30 Sep 2020 Impact-weighted accounting, Ronal Cohen’s solution to rewire capitalism
“How do we take into consideration externalities in companies’ reporting?” The debate about reforming capitalism is strong.
The Egyptian-born British multimillionaire Sir Ronald (Ronnie) Cohen is a dyed-in-the-wool capitalist who, at the age of 75, aims at transforming the mind-set of today’s capitalism to a more sustainable (and less social and environmental damaging) way of doing business.
Impact: Reshaping Capitalism to Drive Real Change is Ronnie’s new book. Despite the vintage slogan, the book is a critique to today’s capitalism which comes, surprisingly, with an actual and ready-packed solution. He proposes to reshape capitalism by rewriting century-old financial accounting norms to cost in the social and environmental externalities of a corporation’s assets and activities.
A kind of The Untouchables’ style, Ronnis alias Elliott Ness wants to knock down Al Capone pardon, capitalism, by making clear who is naughty and who is not. He wants companies to be total transparent about the positive and negative impacts they create in different areas through products, employment and operations, dovetailing impacts-related metrics results with existing financial and business analysis tools.

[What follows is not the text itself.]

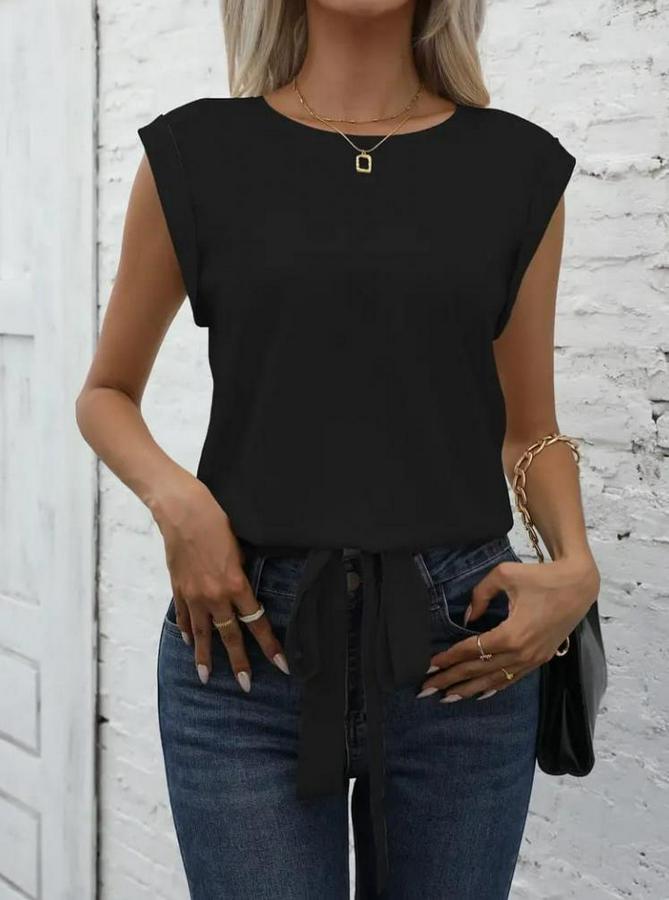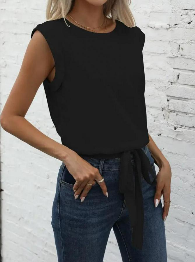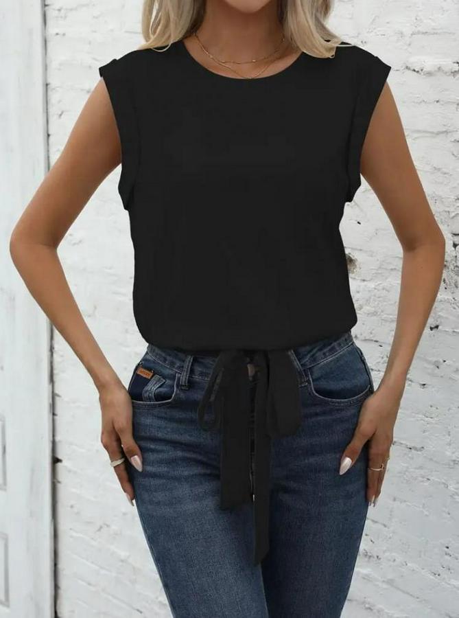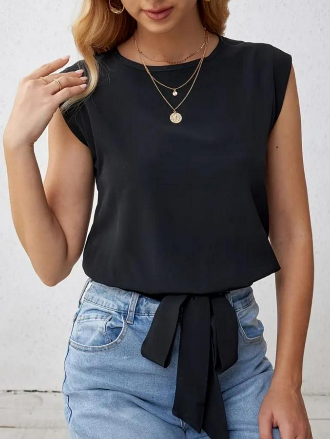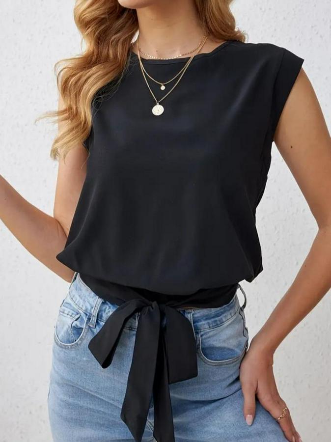 AnasayfaTüm ÜrünlerÜst GiyimBluz & TunikBluzSıfır Kol Etek Ucu Bağlama Detay Ithal Krep Bluz

The solution has a slogan “impact-weighted accounting” and a project team at Harvard Business School (Cohen’s alma mater) dedicated to its development. The augmented form of traditional financial accounting aims at filling the gap of current income statements and balance sheets, which do not account for environmental and social externalities of corporations. Instead of reporting the damage they create, corporations pass it on to governments, so to taxpayers and through public taxes, to try and fix the problem.
The Harvard project team has already made available online a breakthrough dataset, which lays out in full the environmental costs associated with 1,800 companies (an equivalent evaluation for social costs will be published next year). In the spirit of transparency, shared (and free) learning, the methodology is all open-source and the data for the most part (roughly 80%) is drawn from the public domain.

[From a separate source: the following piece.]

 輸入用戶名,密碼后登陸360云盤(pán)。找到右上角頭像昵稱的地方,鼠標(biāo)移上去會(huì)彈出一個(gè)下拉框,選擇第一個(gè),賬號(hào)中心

To understand the extent to which Ronnie’s impact-weighted accounting diverges from conventional accounting, take the case of the chemical giants Sasol and Solvay. With sales revenues of around $12bn per year, both the chemical giants would see $17bn and $4bn immediately wiped off their top line if their environmental damage had to be cost in. Another astonishing example is Intel. The US tech firm is a stellar employer, annually putting an aggregated £7bn in the pockets of its 50,000 US employees and implementing an award-winning equality programme. Yet, measure its diversity stats relative to local demographics and its positive employment impact on communities falls to about $2.5bn
These are portfolio stalwarts for mainstream investors, this is why Ronnie argues that to bring about the change he wants for the world of business, investors will have to start getting on board. Only when capital moves away from the social and environmental damage-makers to more sustainable businesses meaningful changes can take place.
Ronnie’s solution represents a breakthrough in financial accounting, but even if people’s mind-set had to be changed, would the current fossil-fuels-energised state of political and economic affairs be ready to reduce its pace? If companies had to cost in their social and environmental damages, current energetic solutions would have to be replaced with alternative energetic sources which could completely modify (and slow down) our habits. With the Covid-19 been around for quite some time so far, our habits have partially changed and already experienced a braking. If the Covid-19 recover resets our pace to pre-Covid-19 rhythm, will governments and corporations be willing to accept Ronnie’s solution?